DIRECTIONS FOR THIS TASK - Exactly as they appear below, repeat the lines from the one with "2、在POPSUB里新建时间" through the one with "Джемпер с длинным". Drop every picture.
————————
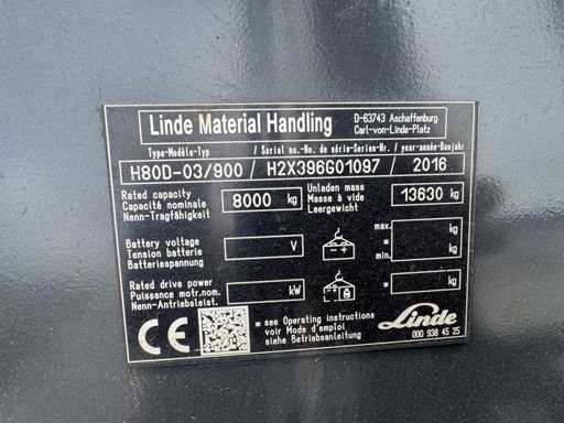 2016 Linde H80D-900 H80 8 000 kg Élévateur Diesel 3+4 soupapes ZVG+SS 5 446 heures.
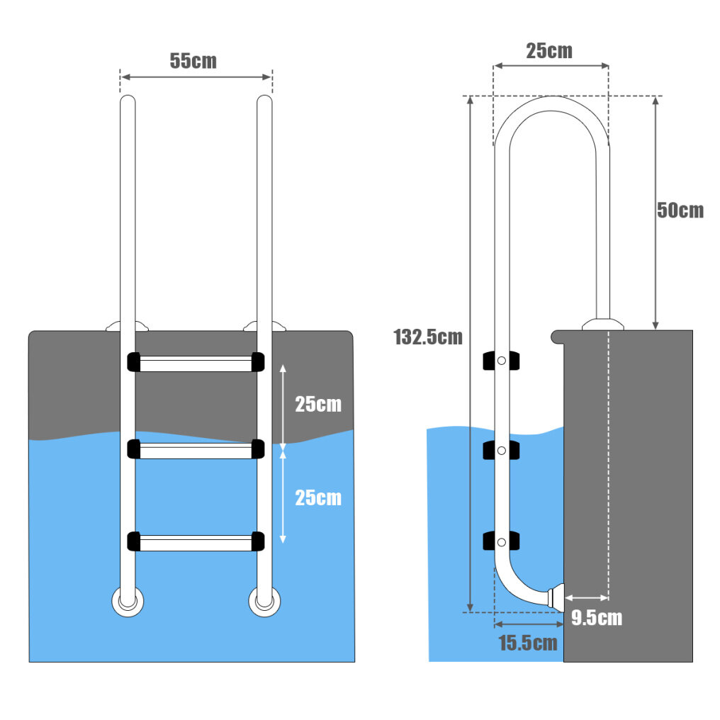 3-Step Safe Access: Equipped with 3 steps, our swimming pool ladder will be perfect for you to get on and get off. Each pedal is equipped with the anti-skid surface to ensure safety under wet and slippery conditions. What’s more, the humanized 25cm step spacing allows you to step on comfortably.
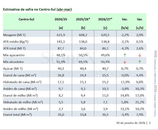 “Ainda que a estimativa seja de que os preços do açúcar devam voltar a remunerar melhor o produtor em SP principalmente a partir de maio/junho de 2026, com a queda dos preços do biocombustível no pico de safra, o contexto atual já deverá ser responsável por uma redução considerável no mix açucareiro”, afirma Borges.
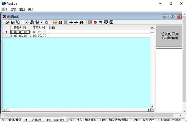 2、在POPSUB里新建时间轴。在"对白"处按住↓键建立行。行数一定要高于翻译文本的行数。
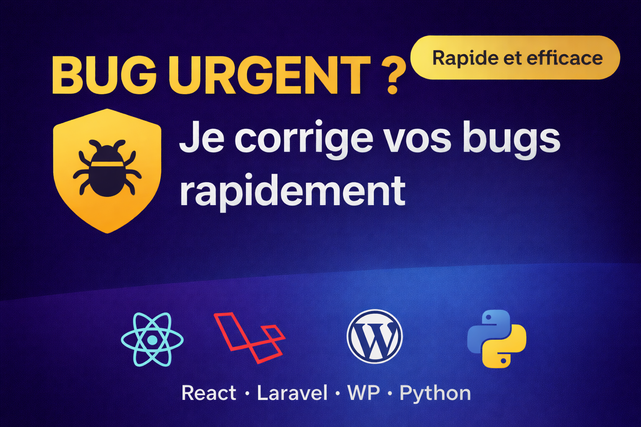 Développeur web et mobile spécialisé en correction de bugs et maintenance, j’interviens sur React, Laravel, WordPress, PHP, Python Django et Flutter. J’analyse précisément la cause du problème, je corrige proprement le code et je vérifie que tout fonctionne avant livraison.
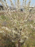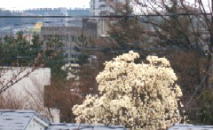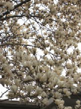 4月5日(火) 窓辺からみえるよそのお庭のこぶし。 とても奇麗なので、毎年楽しみに しています。 右の写真は、庭の外からとらせてもらいました。 こぶしが終わるころ、後ろのバス通りの桜と ベランダの目の前の桜が咲きます。 |
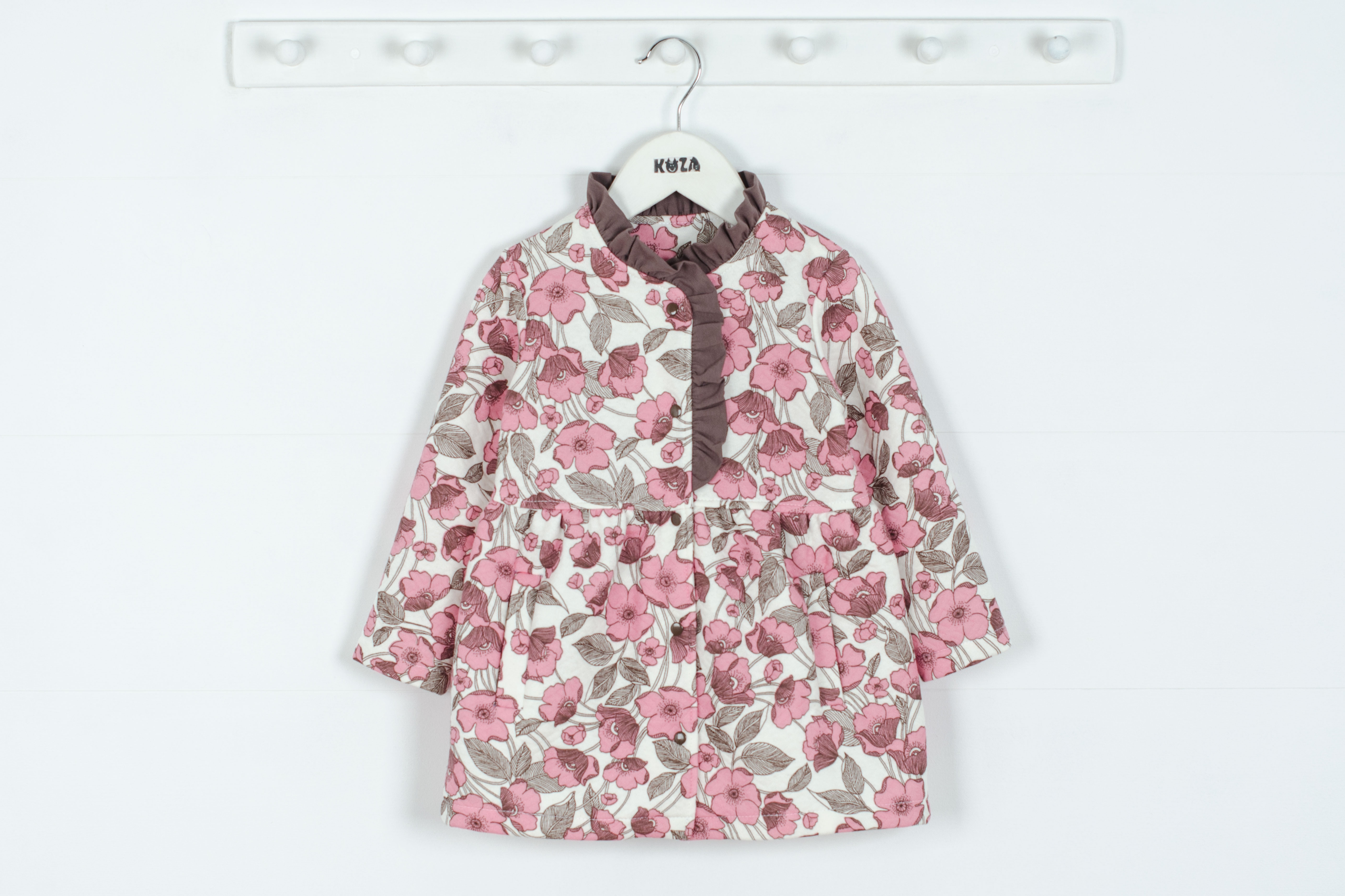 Джемпер с длинным рукавом, застежка по переду на кнопке, декоративный рюш по горловине.
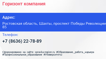 Горизонт, компания по адресу Ростовская область, Шахты, проспект Победы Революции, 85 в дальнейшем Организация, размещена в следующих категориях:
————————
TASK SOLUTION -
 2、在POPSUB里新建时间轴。在"对白"处按住↓键建立行。行数一定要高于翻译文本的行数。
 Développeur web et mobile spécialisé en correction de bugs et maintenance, j’interviens sur React, Laravel, WordPress, PHP, Python Django et Flutter. J’analyse précisément la cause du problème, je corrige proprement le code et je vérifie que tout fonctionne avant livraison.
 4月5日(火) 窓辺からみえるよそのお庭のこぶし。 とても奇麗なので、毎年楽しみに しています。 右の写真は、庭の外からとらせてもらいました。 こぶしが終わるころ、後ろのバス通りの桜と ベランダの目の前の桜が咲きます。 |
 Джемпер с длинным рукавом, застежка по переду на кнопке, декоративный рюш по горловине.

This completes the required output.